Recently dear commentators have noticed that the issue was caused by bad estimates of rows number and they suggested me do vacuum analyze. But I'm running this server on Amazon-RDS where autovacuum feature is enabled. Also, I've tried to run the script for showing tables eligible for vacuum, suggested in Amazon RDS Documentation, and it shows me 0 tables eligible for vacuum.

UPDATE-3: The performed ANALYZE, suggested in the commentaries, didn't change bad rows estimations in the plans, but increased speed of "old" variant of query. I still have no full understanding about my core question: why does second type of query has dramatically higher speed (even w/o ANALYZE)?

Best Answer

From the explain, I can clearly see PostgreSQL produced bad estimates and chose bad plan for the first query. The equality selector on column z in table D had a completely wrong estimate (~ 500 times off).

The second time was better because WITH is a planning fence, as Craig pointed out.

Let's concentrate on the 1st query.

Planner produces bad estimates because of missing/old/inadequate statistics.

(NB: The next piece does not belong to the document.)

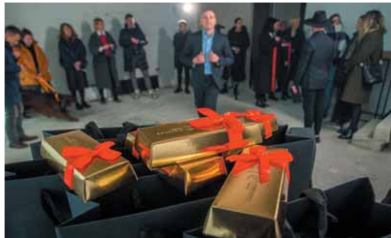
Nemuno parko vystytojai – projekto atidarymo renginyje.

– Mūsų šeima myli Prienus ir gamtą, todėl laisvalaikį vis dažniau leidžiame būtent čia, Nemuno parko kurortinėje aplinkoje. Man vis dar atrodo unikalumu tai, ką pavyko sukurti – gyventi moderniame patogiam būste ant Nemuno kranto, tuo pačiu esi vos pusvalandžio atstumu nuo įmonės ofiso Kaune, geros valandos pakanka pasiekti sostinę Vilnių. Vienu metu – ir komfortas, ir ekologija. Kalbant apie paramą – net ir mažiausia pagalba gali

Almost all stats is visible in pg_stats. You should inspect this view and preferably paste relevant rows here.

SELECT * FROM pg_stats WHERE tablename='d' and attname='z';

If a column has some funny statistical distribution (non-uniform, non-gaussian, skewed, pseudo-random with hidden patterns, etc), then statistics module behind ANALYZE may be unable to catch regularities needed for the planner.

In many cases, using larger sample helps produce truthful estimates. There is a configuration parameter to raise the sample size for ANALYZE, which can be used like this:

SET default_statistics_target TO 200;
ANALYZE A;
ANALYZE B;
ANALYZE C;
SET default_statistics_target TO 1000;
ANALYZE D;

Experiment with values and retry your SELECT queries. If it helps, you can raise sample size permanently, using ALTER TABLE D ALTER COLUMN Z SET STATISTICS 1000.

PS. as always, you should make sure that memory / resources configuration is correct. All the setings in "Resource Configuration" section should be adjusted to actual server resources (database & memory size, raid array type, ssd drives).